Question

In Haiti, public transportation is often by taptaps, small pickup trucks with seats along the sides of the pickup bed and railings to which passengers can hang on. Typically they carry two dozen or more passengers plus an assortment of chickens, goats, luggage, etc. Putting this much into the back of a pickup truck puts quite a large load on the truck springs.

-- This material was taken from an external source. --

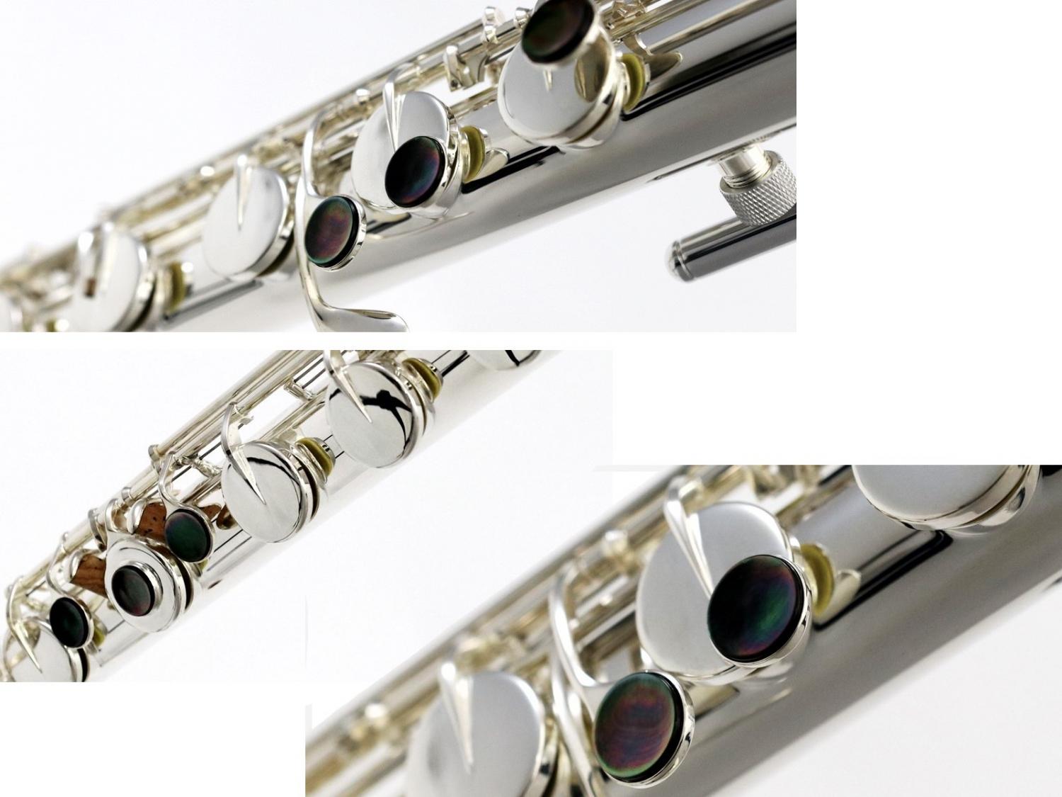 ▼他社製品との比較 ・ジュピター JBF1000…ニッケルシルバー製、銀メッキ仕上げ、C足部管、Eメカニズムなし ・ジュピター JBF1100E...縦型、キィ/管体素材=ニッケルシルバー製、リップ・ライザー=銀製、銀メッキ仕上げ、C足部管、Eメカニズム付き ・ヤマハ YFL-B441…キィ素材=洋銀、管体素材=ゴールドブラス、クリアラッカー仕上げ(キィのみ銀メッキ仕上げ)、C足部管、Eメカニズムなし ・アルタス BF823SE…キィ・管体素材=白銅製、リッププレート=銀製、銀メッキ仕上げ、C足部管、Eメカニズム付き 上記の通り、ヤマハでは一般的な銀メッキの製品はないため、高額となり日本製アルタスも当然ながら高額となります。ジュピターはそれに比べ比較的リーズナブル。縦バスを安くでと考えてる方には特におすすめです。ただパールと仕様が似ていますがEメカニズムがついていません。

A truck has springs for each wheel, but for simplicity assume that the individual springs can be treated as one spring with a spring constant that includes the effect of all the springs. Also for simplicity, assume that all four springs compress equally when weight is added to the truck and that the equilibrium length of the springs is the length they have when they support the load of an empty truck.
Part A
A 60-kg driver gets into an empty taptap to start the day's work. The springs compress 0.02 m. What is the effective spring constant of the spring system in the taptap?
Enter the spring constant numerically in newtons per meter. Express your answer using two significant figures.
k =2.9×10^4 N/m
Part B
After driving a portion of the route, the taptap is fully loaded with a total of 25 people with an average mass of 60 kg per person. In addition, there are three 15 kg goats, five 3- kg chickens, and a total of 25 kg of bananas on their way to the market. Assume that the springs have somehow not yet compressed to their maximum amount. How much are the springs compressed?

Answer 1

A. k=29400N/m

B. x=0.528m

Step-by-step explanation:

Part A.

The net force exerted by the driver on the springs is equal to his weight. Assuming the springs reach an equilibrium, we have that this force is equal and opposite in direction to the force exerted by the springs. So, from the equation of the force exerted by a spring, we have:

`F=-kx\\\\mg=kx\\\\\implies k=(mg)/(x)`

Plugging in the given values for the mass of the driver and the compression lenght, we obtain:

`k=((60kg)(9.8m/s^(2)))/(0.02m)=29400N/m`

So, the spring constant of the spring system in the taptap is 29400N/m.

Part B.

We can use the same relationship as in the part A, in this case solving for x:

`x=(mg)/(k)`

In "m", we have to put the total mass that is in the taptap, so we sum the information given:

`m=25(60kg)+3(15kg)+5(3kg)+25kg=1585kg`

Finally, we calculate x using this value for m:

`x=((1585kg)(9.8m/s^(2)))/(29400N/m)\\ \\x=0.528m`

Then, the springs are compressed 0.528m.